◆ Instructions to follow ◆
Give the data again exactly as written, skipping any pictures.

[Items listed in a dataset]
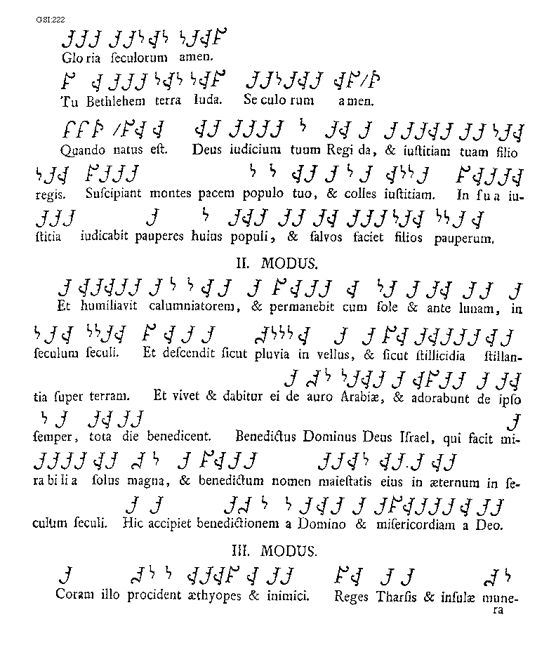 [GSI:222; text: Gloria seculorum amen. Tu Bethlehem terra Iuda. Seculorum amen. Quando natus est. Deus iudicium tuum Regi da, et iustitiam tuam filio regis. Suscipiant montes pacem populo tuo, et colles iustitiam. In sua iustitia iudicabit pauperes huius populi, et salvos faciet filios pauperum. Secundus modus. Et humiliavit calumniatorem, et permanebit cum sole et ante lunam, in seculum seculi. Et descendit sicut pluvia in vellus, et sicut stillicidia stillantia super terram. Et vivet et dabitur ei de auro Arabiae, et adorabunt de ipso semper, tota die benedicent. Benedictus Dominus Deus Israel, qui facit mirabilia solus magna, et benedictum nomen maiestatis eius in aeternum in seculum seculi. Hic accipiet benedictionem a Domino et misericordiam a Deo. Tertius modus. Coram illo procident aethyopes et inimici. Reges Tharsis et insulae munera]
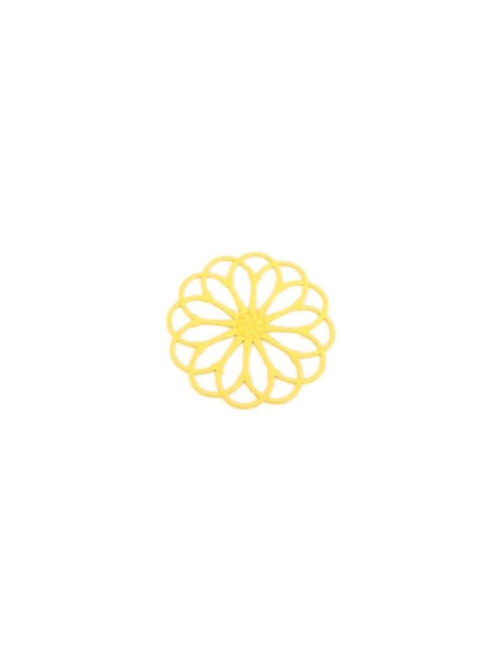Estampe filigrane fleur jaune en métal. Dimensions : 28mm - A l'unité ou en lot de 10 pièces
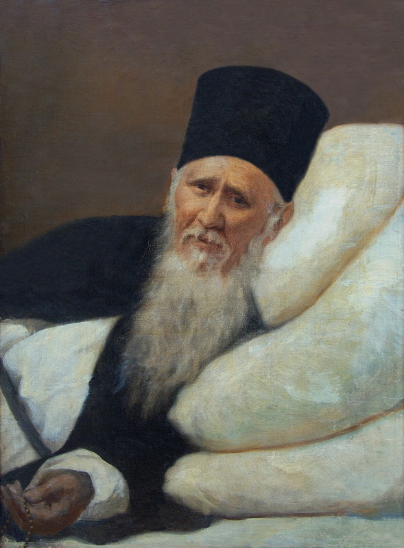 На этом портрете старец как будто ожидает кого-то на исповедь, безмолвно произнося слова молитвы и перебирая монашеские четки. Темный фон, отсутствие лишних деталей только сильнее оттеняет его проникновенный глубокий взгляд, исполненный пастырской любви и снисхождения. Белые подушечки и светлый хитон подчеркивают бледность лица немощного старца, взгляд которого обращен в самое сердце и располагает к покаянию и молитве.
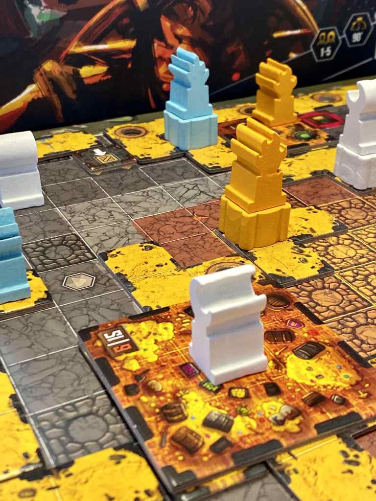 Beaucoup d’éléments donc ! Pourtant, le jeu s’appuie sur un choix simple d’une action principale à chaque tour de jeu parmi deux : le recrutement ou la construction. Mais, la possibilité de jeter des sorts, construire des grandes salles et déplacer les statues rend l’expérience un peu plus brouillonne que prévue. En effet, les tours de jeu en quatre étapes peuvent traîner en longueur et faire diminuer la fluidité du titre.
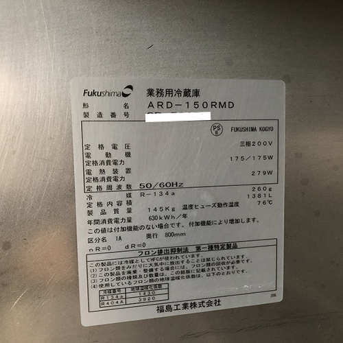 【業界最長1年保証】縦型冷蔵庫 フクシマガリレイ(福島工業) ARD-150RMD 業務用 中古/送料別途見積
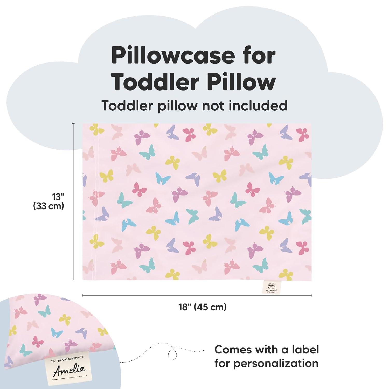 Pillow Sold Separately – Each pack comes with one 13X18 toddler pillowcase only. Purchase our KeaBabies toddler pillows separately. Search KeaBabies toddler pillow for more information.
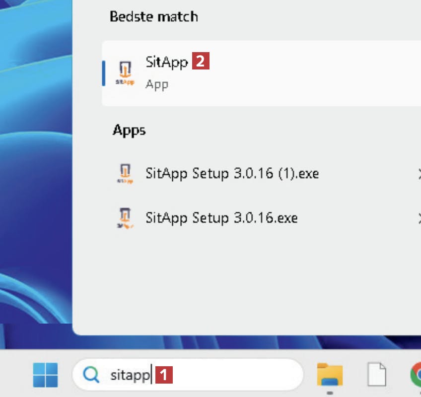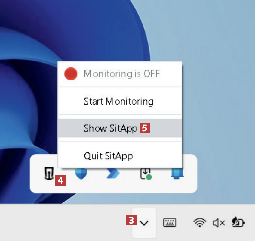 Hvis ikke programvinduet åbner af sig selv, klikker du på pilen 3. Højreklik nu på ikonet 4, og vælg derefter Show SitApp 5.

◆ Reply to the task ◆
 [GSI:222; text: Gloria seculorum amen. Tu Bethlehem terra Iuda. Seculorum amen. Quando natus est. Deus iudicium tuum Regi da, et iustitiam tuam filio regis. Suscipiant montes pacem populo tuo, et colles iustitiam. In sua iustitia iudicabit pauperes huius populi, et salvos faciet filios pauperum. Secundus modus. Et humiliavit calumniatorem, et permanebit cum sole et ante lunam, in seculum seculi. Et descendit sicut pluvia in vellus, et sicut stillicidia stillantia super terram. Et vivet et dabitur ei de auro Arabiae, et adorabunt de ipso semper, tota die benedicent. Benedictus Dominus Deus Israel, qui facit mirabilia solus magna, et benedictum nomen maiestatis eius in aeternum in seculum seculi. Hic accipiet benedictionem a Domino et misericordiam a Deo. Tertius modus. Coram illo procident aethyopes et inimici. Reges Tharsis et insulae munera]
Estampe filigrane fleur jaune en métal. Dimensions : 28mm - A l'unité ou en lot de 10 pièces
 На этом портрете старец как будто ожидает кого-то на исповедь, безмолвно произнося слова молитвы и перебирая монашеские четки. Темный фон, отсутствие лишних деталей только сильнее оттеняет его проникновенный глубокий взгляд, исполненный пастырской любви и снисхождения. Белые подушечки и светлый хитон подчеркивают бледность лица немощного старца, взгляд которого обращен в самое сердце и располагает к покаянию и молитве.
 Beaucoup d’éléments donc ! Pourtant, le jeu s’appuie sur un choix simple d’une action principale à chaque tour de jeu parmi deux : le recrutement ou la construction. Mais, la possibilité de jeter des sorts, construire des grandes salles et déplacer les statues rend l’expérience un peu plus brouillonne que prévue. En effet, les tours de jeu en quatre étapes peuvent traîner en longueur et faire diminuer la fluidité du titre.
 【業界最長1年保証】縦型冷蔵庫 フクシマガリレイ(福島工業) ARD-150RMD 業務用 中古/送料別途見積
 Pillow Sold Separately – Each pack comes with one 13X18 toddler pillowcase only. Purchase our KeaBabies toddler pillows separately. Search KeaBabies toddler pillow for more information.
 Hvis ikke programvinduet åbner af sig selv, klikker du på pilen 3. Højreklik nu på ikonet 4, og vælg derefter Show SitApp 5.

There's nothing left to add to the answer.